No pictures should appear. The lines from the beginning of the listing through the one holding "自研投入:多脂兽肉*3辣椒*3霍米基麦*6" must be reproduced exactly, and nothing more.

• **Records provided**
*****

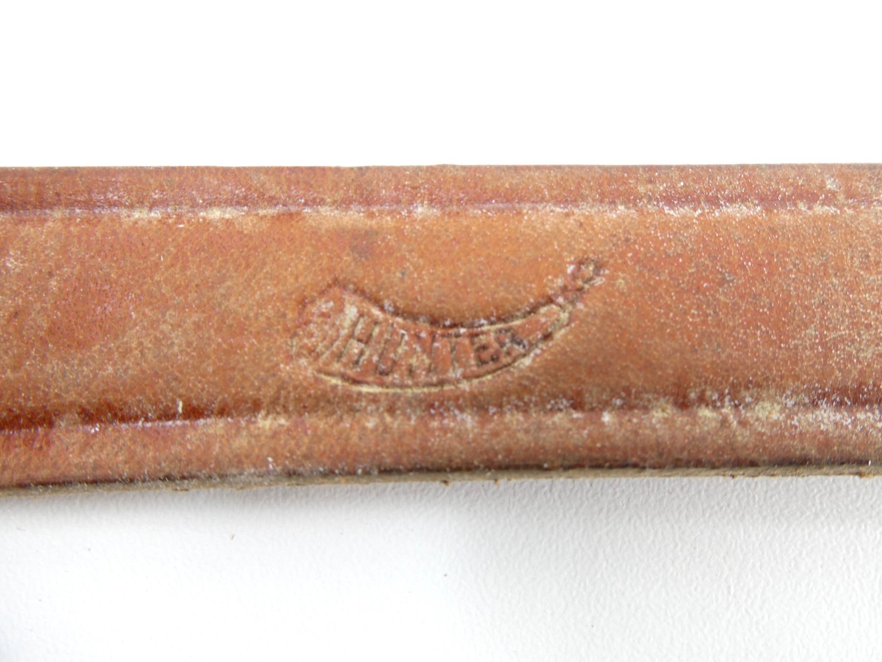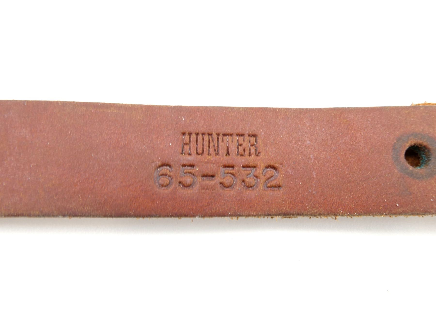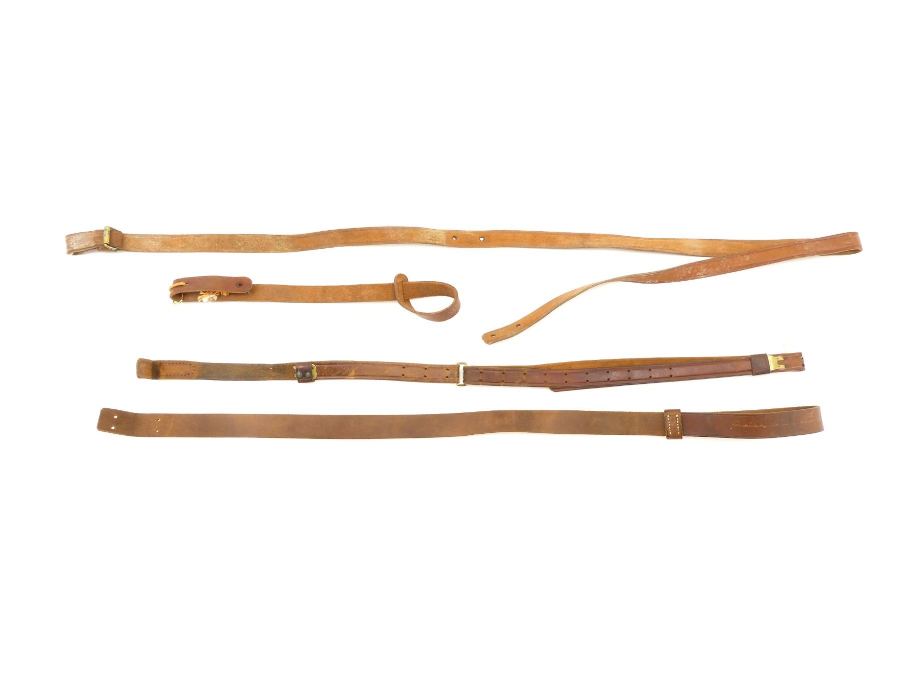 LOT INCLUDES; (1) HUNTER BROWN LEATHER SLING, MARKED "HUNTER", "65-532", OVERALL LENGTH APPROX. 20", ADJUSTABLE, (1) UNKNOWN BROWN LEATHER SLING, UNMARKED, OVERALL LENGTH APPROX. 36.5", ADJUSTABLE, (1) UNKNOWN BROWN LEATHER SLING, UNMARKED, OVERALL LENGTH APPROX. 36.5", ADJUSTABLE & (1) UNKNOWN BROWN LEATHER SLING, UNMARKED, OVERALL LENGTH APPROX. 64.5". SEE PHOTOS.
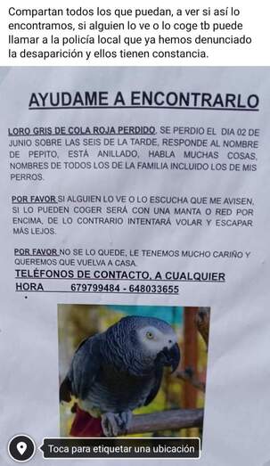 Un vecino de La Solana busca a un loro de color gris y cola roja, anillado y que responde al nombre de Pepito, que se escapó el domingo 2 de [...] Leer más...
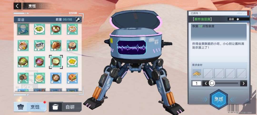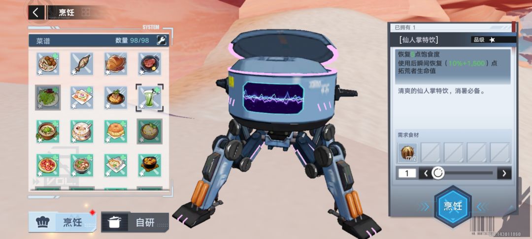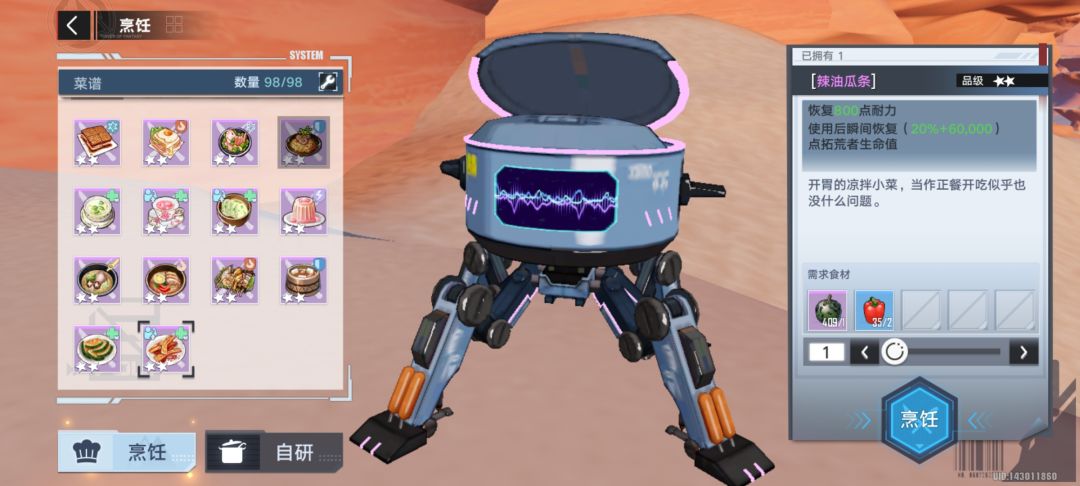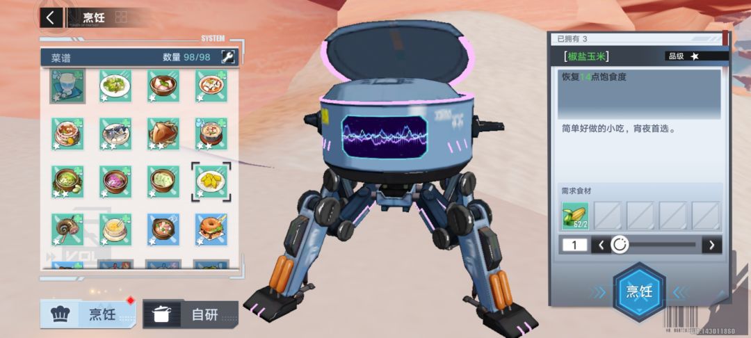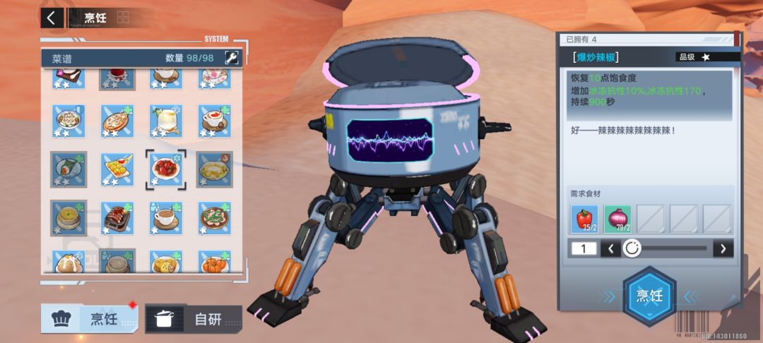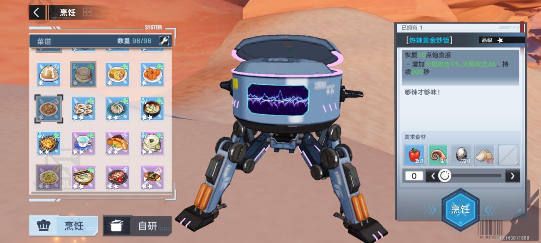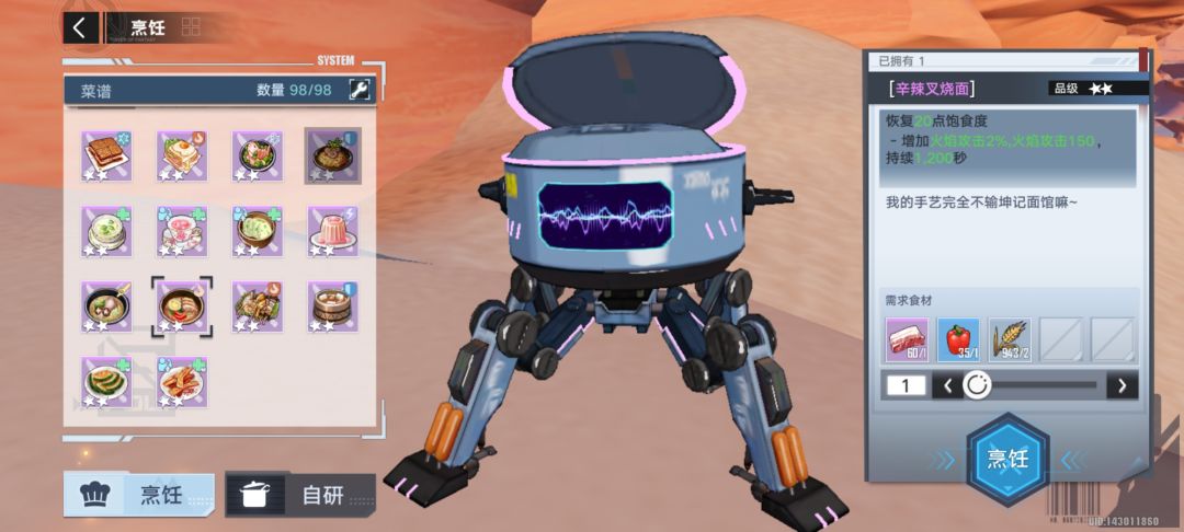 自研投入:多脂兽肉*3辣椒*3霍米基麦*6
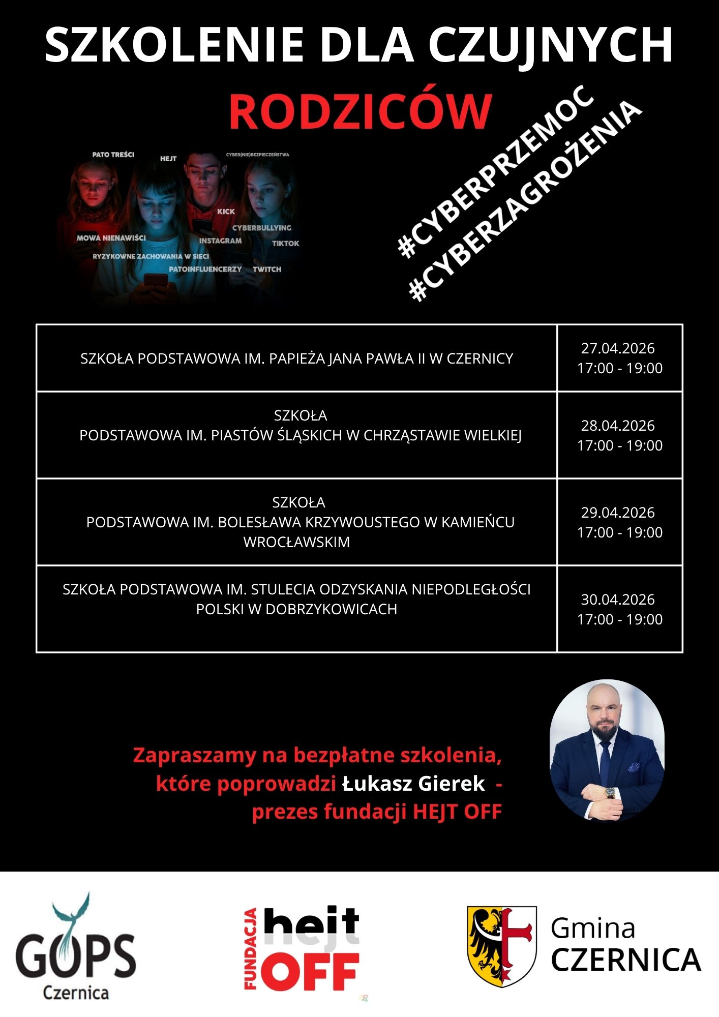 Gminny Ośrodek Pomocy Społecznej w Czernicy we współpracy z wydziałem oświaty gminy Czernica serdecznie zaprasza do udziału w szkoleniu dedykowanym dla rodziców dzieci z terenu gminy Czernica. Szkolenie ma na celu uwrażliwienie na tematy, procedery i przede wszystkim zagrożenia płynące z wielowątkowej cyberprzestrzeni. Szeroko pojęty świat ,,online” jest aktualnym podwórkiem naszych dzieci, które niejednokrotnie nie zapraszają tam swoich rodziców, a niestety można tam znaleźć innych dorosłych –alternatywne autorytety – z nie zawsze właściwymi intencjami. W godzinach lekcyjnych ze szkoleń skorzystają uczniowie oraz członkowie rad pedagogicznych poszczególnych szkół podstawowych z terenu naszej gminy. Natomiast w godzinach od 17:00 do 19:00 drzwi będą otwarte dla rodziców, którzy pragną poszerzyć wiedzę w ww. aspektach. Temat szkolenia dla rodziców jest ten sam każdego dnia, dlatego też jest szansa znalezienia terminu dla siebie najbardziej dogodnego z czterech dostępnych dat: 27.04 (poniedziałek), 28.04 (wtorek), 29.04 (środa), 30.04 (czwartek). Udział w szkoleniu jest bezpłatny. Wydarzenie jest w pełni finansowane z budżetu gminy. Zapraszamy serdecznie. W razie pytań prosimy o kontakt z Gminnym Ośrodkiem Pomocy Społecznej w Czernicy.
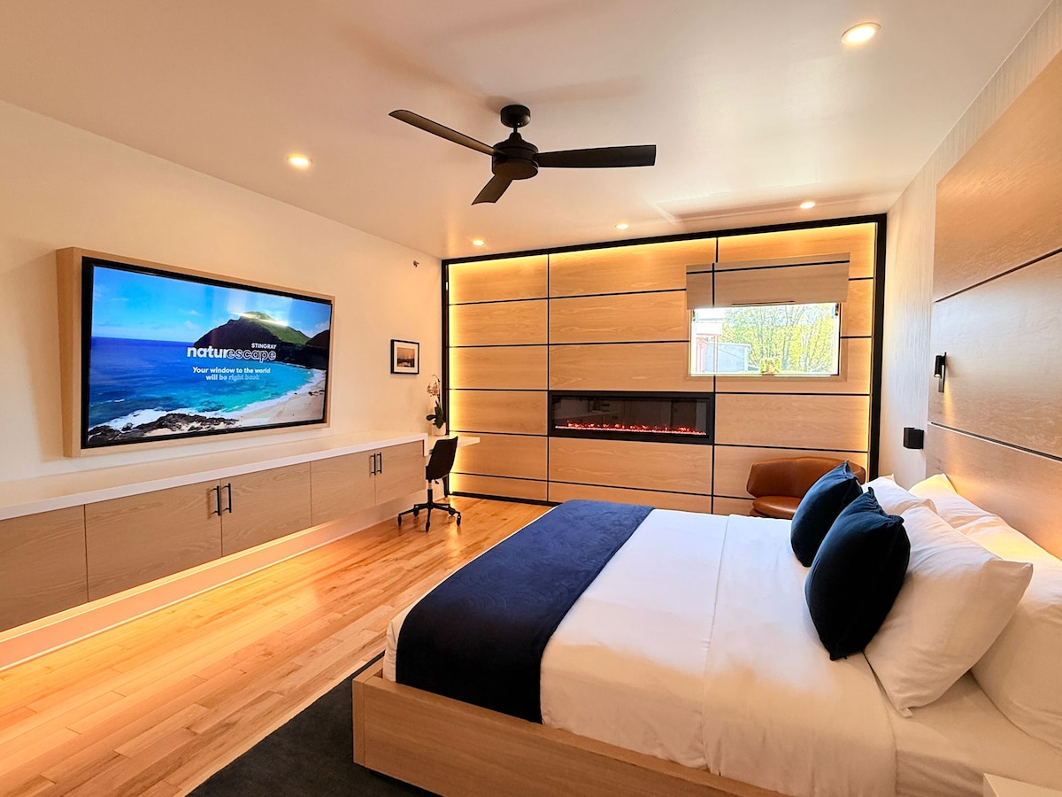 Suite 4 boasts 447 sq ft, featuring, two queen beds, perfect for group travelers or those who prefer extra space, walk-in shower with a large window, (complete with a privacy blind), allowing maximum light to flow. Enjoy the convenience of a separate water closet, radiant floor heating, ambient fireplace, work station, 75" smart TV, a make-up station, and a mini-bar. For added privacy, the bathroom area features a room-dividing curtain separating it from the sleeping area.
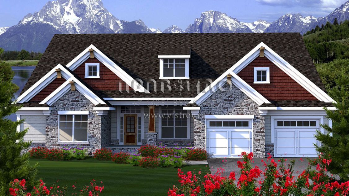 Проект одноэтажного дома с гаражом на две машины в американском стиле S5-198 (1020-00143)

*****

• **Solution to the exercise**
 LOT INCLUDES; (1) HUNTER BROWN LEATHER SLING, MARKED "HUNTER", "65-532", OVERALL LENGTH APPROX. 20", ADJUSTABLE, (1) UNKNOWN BROWN LEATHER SLING, UNMARKED, OVERALL LENGTH APPROX. 36.5", ADJUSTABLE, (1) UNKNOWN BROWN LEATHER SLING, UNMARKED, OVERALL LENGTH APPROX. 36.5", ADJUSTABLE & (1) UNKNOWN BROWN LEATHER SLING, UNMARKED, OVERALL LENGTH APPROX. 64.5". SEE PHOTOS.
 Un vecino de La Solana busca a un loro de color gris y cola roja, anillado y que responde al nombre de Pepito, que se escapó el domingo 2 de [...] Leer más...
 自研投入:多脂兽肉*3辣椒*3霍米基麦*6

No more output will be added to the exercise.